• What the task asks: Below are entries with pictures in them. Output exactly the lines starting at the line with "15年以上のキャリアを持つ現" and ending at the line with "Tento nádherný umelecký", both included, but not the pictures.

• Available data:
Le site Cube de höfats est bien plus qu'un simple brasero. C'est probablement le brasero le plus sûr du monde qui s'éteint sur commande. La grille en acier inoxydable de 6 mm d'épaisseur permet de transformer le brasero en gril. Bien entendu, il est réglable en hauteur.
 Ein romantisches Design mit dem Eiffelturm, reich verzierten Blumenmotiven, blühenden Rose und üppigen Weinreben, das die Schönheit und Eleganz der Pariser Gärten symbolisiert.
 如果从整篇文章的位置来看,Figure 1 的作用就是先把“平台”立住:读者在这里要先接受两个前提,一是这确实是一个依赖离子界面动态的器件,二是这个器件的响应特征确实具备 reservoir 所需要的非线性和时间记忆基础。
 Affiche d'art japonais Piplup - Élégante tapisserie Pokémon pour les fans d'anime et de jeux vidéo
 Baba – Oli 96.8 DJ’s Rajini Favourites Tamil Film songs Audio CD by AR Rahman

...

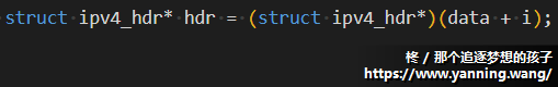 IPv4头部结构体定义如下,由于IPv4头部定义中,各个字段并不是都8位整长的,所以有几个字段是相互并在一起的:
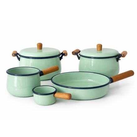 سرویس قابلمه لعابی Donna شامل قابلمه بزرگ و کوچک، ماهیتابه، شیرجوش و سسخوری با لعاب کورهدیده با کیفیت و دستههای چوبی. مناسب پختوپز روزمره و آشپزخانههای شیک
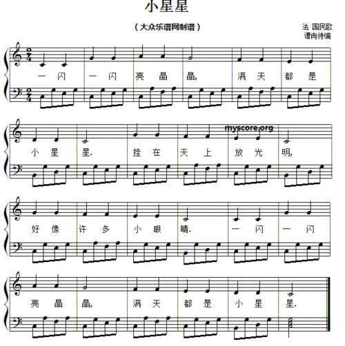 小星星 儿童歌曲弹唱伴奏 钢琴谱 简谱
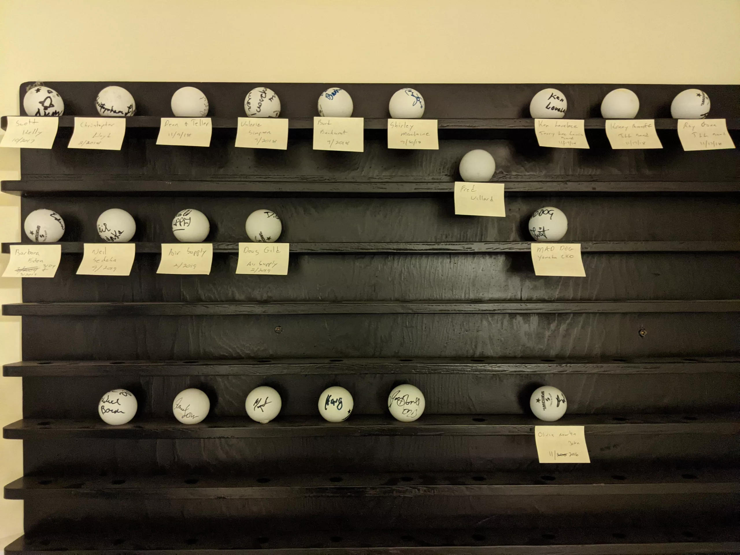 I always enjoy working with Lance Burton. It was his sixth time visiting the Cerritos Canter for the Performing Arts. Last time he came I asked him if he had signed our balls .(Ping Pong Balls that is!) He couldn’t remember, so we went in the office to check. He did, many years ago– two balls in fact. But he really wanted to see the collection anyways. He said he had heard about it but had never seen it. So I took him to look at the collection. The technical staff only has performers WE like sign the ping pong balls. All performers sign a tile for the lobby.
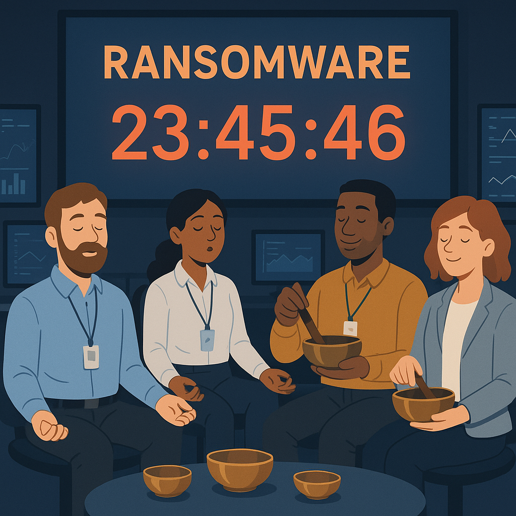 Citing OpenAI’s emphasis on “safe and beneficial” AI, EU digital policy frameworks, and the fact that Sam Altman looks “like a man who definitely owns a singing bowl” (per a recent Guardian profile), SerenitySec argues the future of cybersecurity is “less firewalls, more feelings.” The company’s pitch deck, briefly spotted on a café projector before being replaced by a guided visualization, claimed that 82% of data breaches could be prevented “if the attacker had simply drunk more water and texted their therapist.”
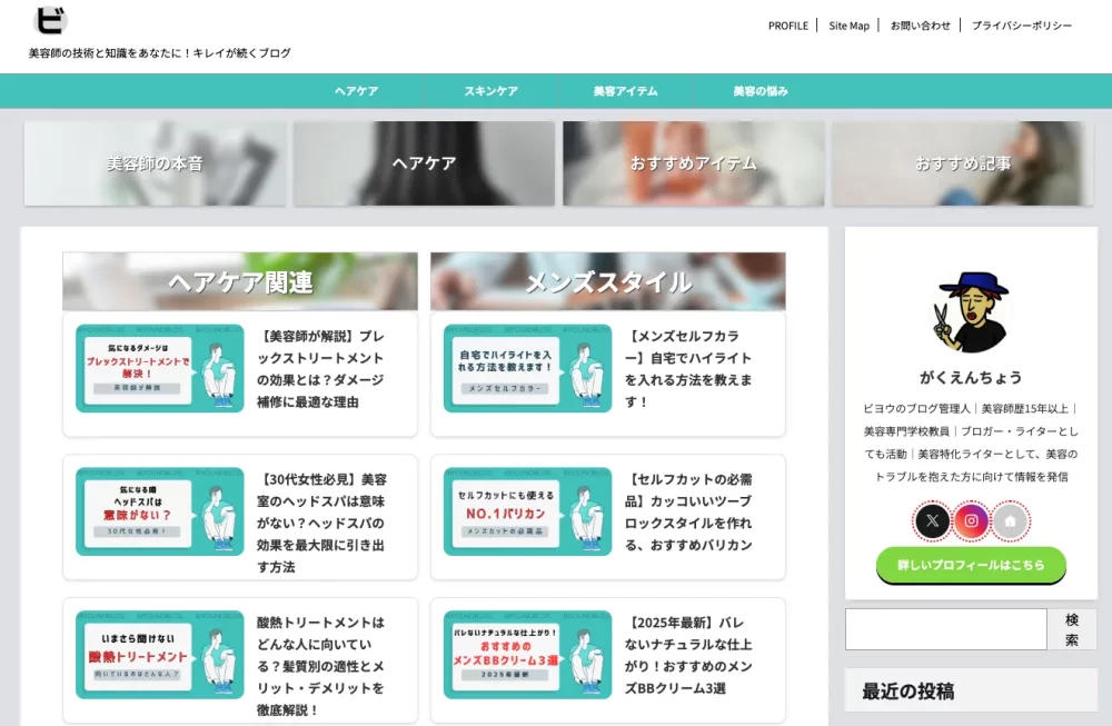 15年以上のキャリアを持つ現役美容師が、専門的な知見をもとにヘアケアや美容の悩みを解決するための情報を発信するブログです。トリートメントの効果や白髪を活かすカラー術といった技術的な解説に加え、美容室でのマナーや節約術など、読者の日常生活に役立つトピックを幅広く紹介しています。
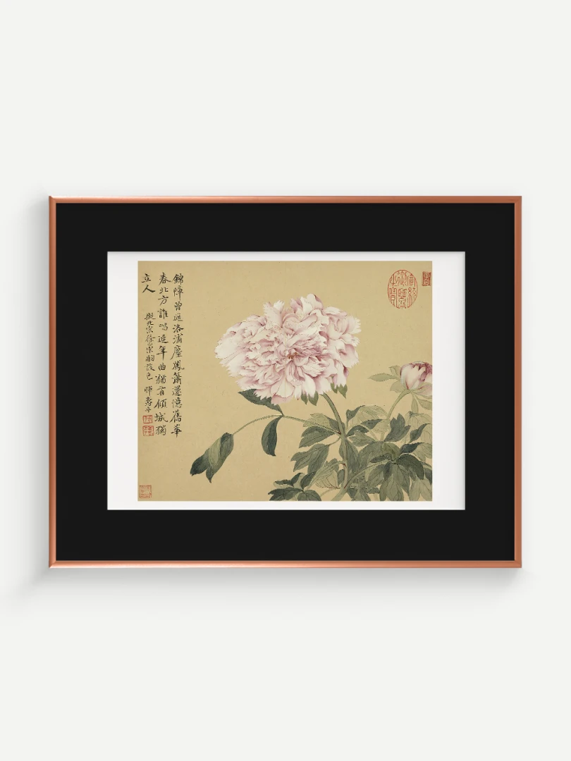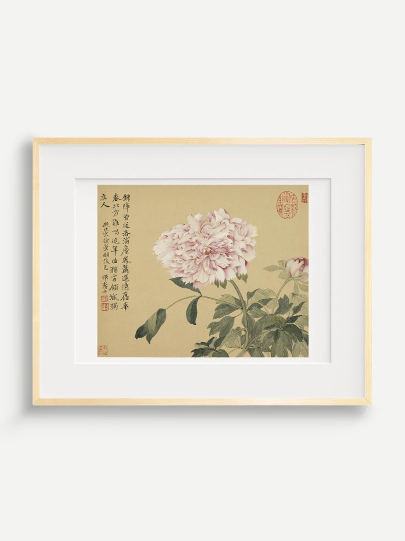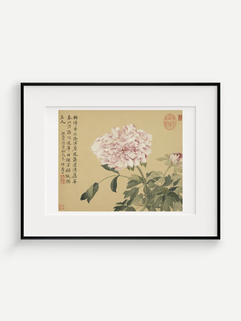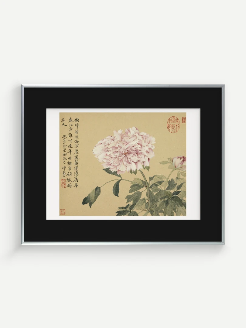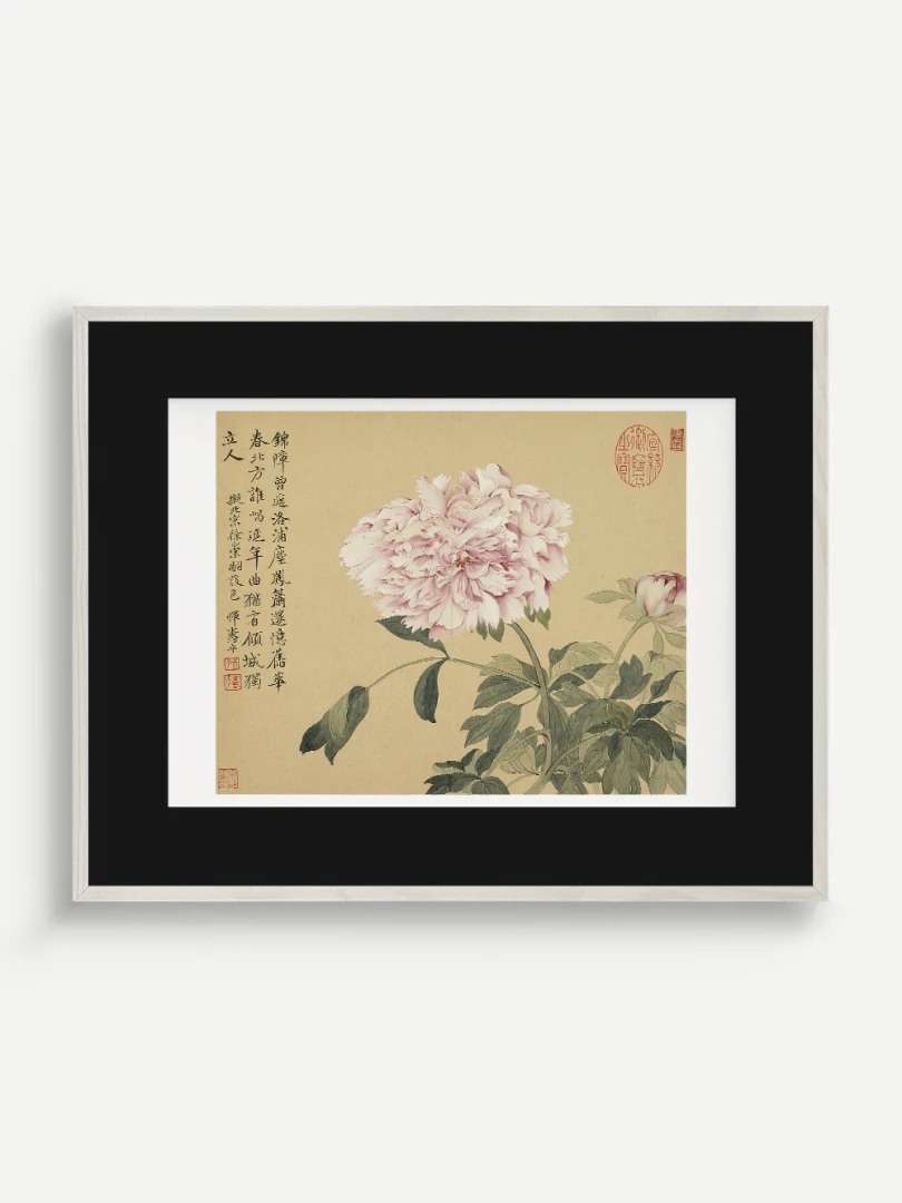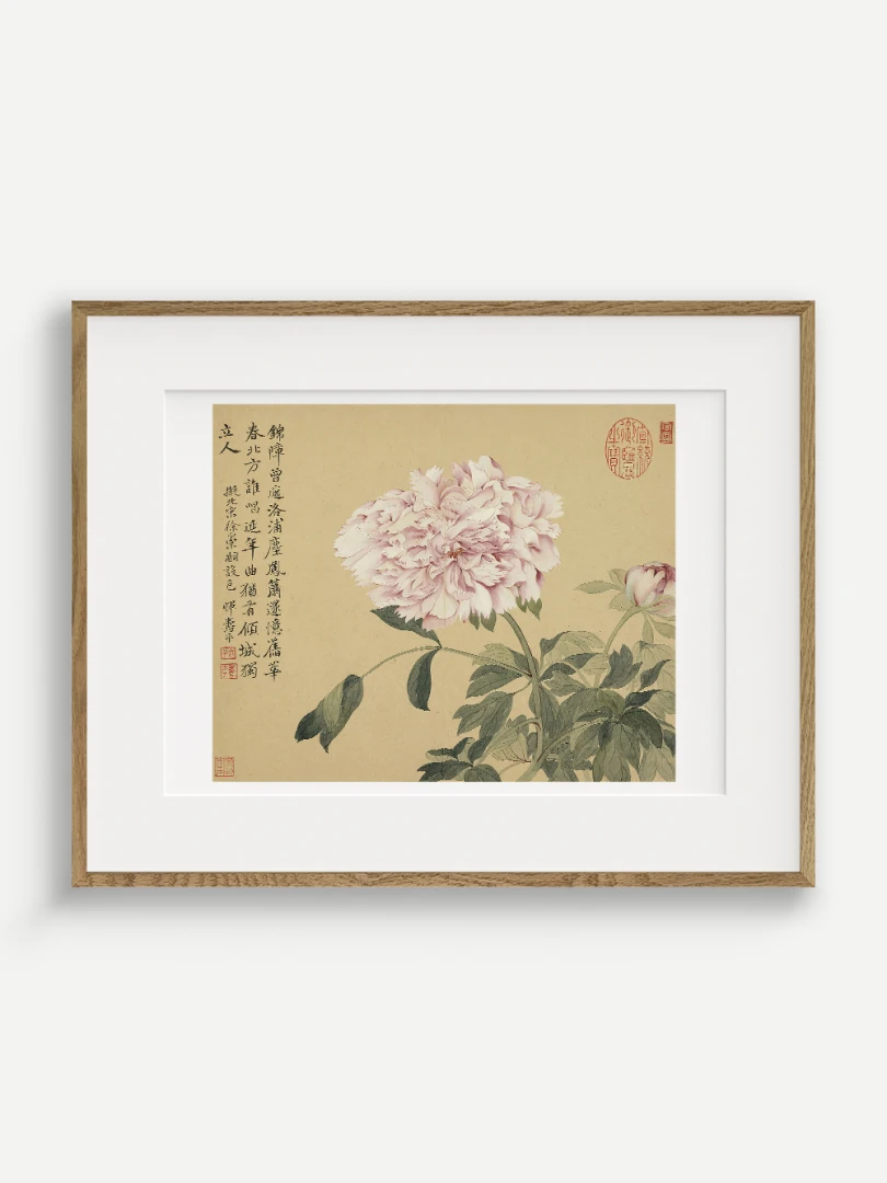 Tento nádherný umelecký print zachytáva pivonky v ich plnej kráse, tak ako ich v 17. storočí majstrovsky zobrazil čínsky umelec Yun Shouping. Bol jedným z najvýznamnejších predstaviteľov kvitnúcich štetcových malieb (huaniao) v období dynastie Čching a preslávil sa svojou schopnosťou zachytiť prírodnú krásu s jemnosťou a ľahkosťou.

• Written solution:
 15年以上のキャリアを持つ現役美容師が、専門的な知見をもとにヘアケアや美容の悩みを解決するための情報を発信するブログです。トリートメントの効果や白髪を活かすカラー術といった技術的な解説に加え、美容室でのマナーや節約術など、読者の日常生活に役立つトピックを幅広く紹介しています。
 Tento nádherný umelecký print zachytáva pivonky v ich plnej kráse, tak ako ich v 17. storočí majstrovsky zobrazil čínsky umelec Yun Shouping. Bol jedným z najvýznamnejších predstaviteľov kvitnúcich štetcových malieb (huaniao) v období dynastie Čching a preslávil sa svojou schopnosťou zachytiť prírodnú krásu s jemnosťou a ľahkosťou.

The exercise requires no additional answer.